During brief breaks in Sugarland's tour schedule, McNabb has also recently picked up road work with other current artists, including Brendan Benson (of The Raconteurs) and Country act Little Big Town, as well as session work with artists such as Howie Day, Dar Williams, and Mandi Perkins. In addition, he has performed with both Kristian Bush and Jennifer Nettles of Sugarland during television and other live solo appearances.

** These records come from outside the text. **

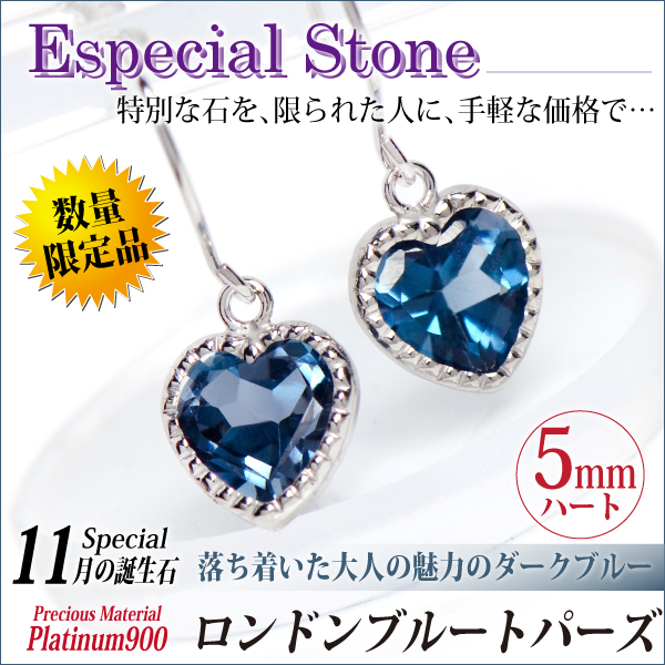 ロンドンブルートパーズ ピアス 送料無料 Pt900プラチナ 5mm ミル ハート フック 両耳ペア
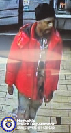 The suspect was a male wearing a black hat, a red hooded jacket, black jeans, and white-and-black shoes.
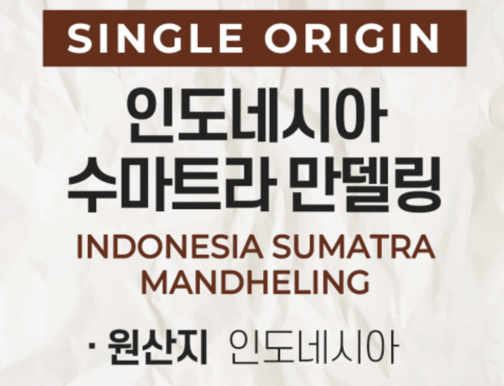 싱글오리진 인도네시아 수마트라 만델링 로스팅 원두커피
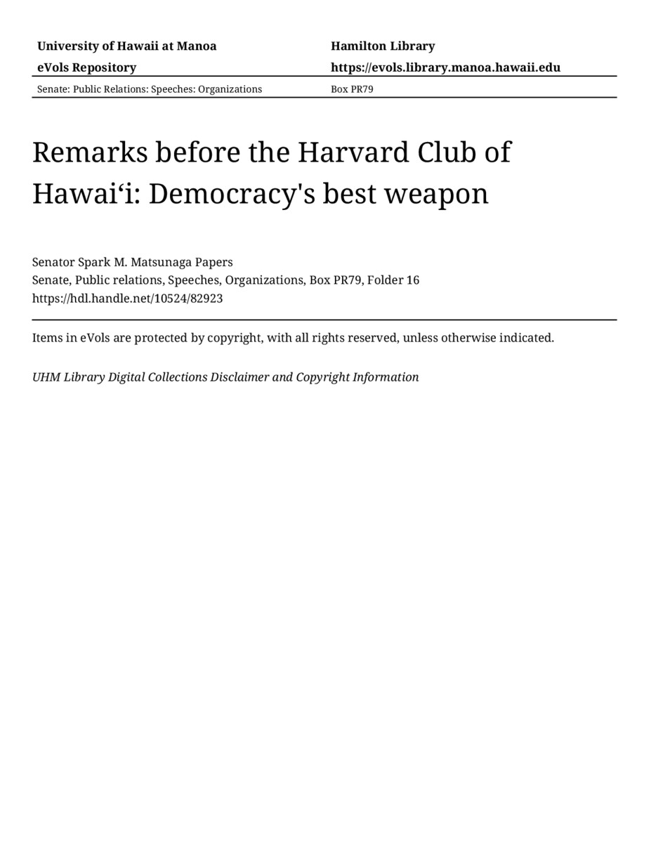 - Remarks before the Harvard Club of Hawaiʻi: Democracy's best weapon
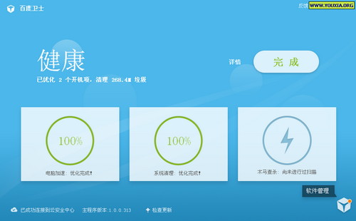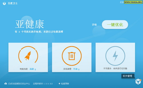 界面也非常简洁, “电脑加速”、“系统清理”、“木马查杀”三个大功能,另外还有个“软件管理”。
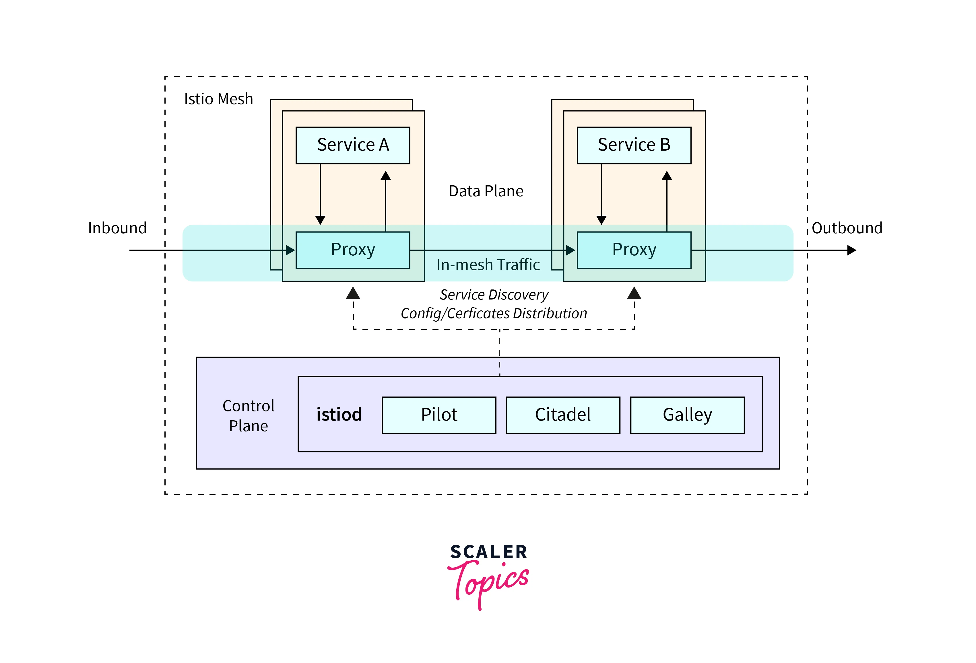 - Pilot: The pilot is responsible for managing and configuring the sidecar proxies in the data plane. It sends configuration information to the proxies, including routing rules, timeouts, retries, and fault injection policies.

From July 2013 to June 2014, McNabb toured as the drummer with Country music duo Big & Rich. McNabb's first affiliation with Big & Rich came in 2010, when he was invited to organize the backing band for a Haiti earthquake relief benefit put together by one of that group's founders, Big Kenny Alphin.

Starting in mid-2014, McNabb toured with singer-songwriter Gavin DeGraw.

As of 2015, McNabb has been the drummer with the backing band of alt-country artist Frankie Ballard.

In 2022, McNabb signed on as the drummer for the "Celebrating David Bowie" tribute tour, playing multiple dates as part of an all-star band that also featured Todd Rundgren, Adrian Belew, Royston Langdon of Spacehog, and Fishbone's Angelo Moore.

==Personal life==
McNabb currently resides in Nashville, Tennessee, with his wife Cristy, and their dogs Maggie and Emmy Lou. He is a classic motorcycle and vehicle enthusiast, and enjoys collecting and playing vintage drum and percussion gear.
McNabb also recently opened a drum tracking studio, Wood Hill Recording, where he offers his services as a studio percussionist and audio engineer.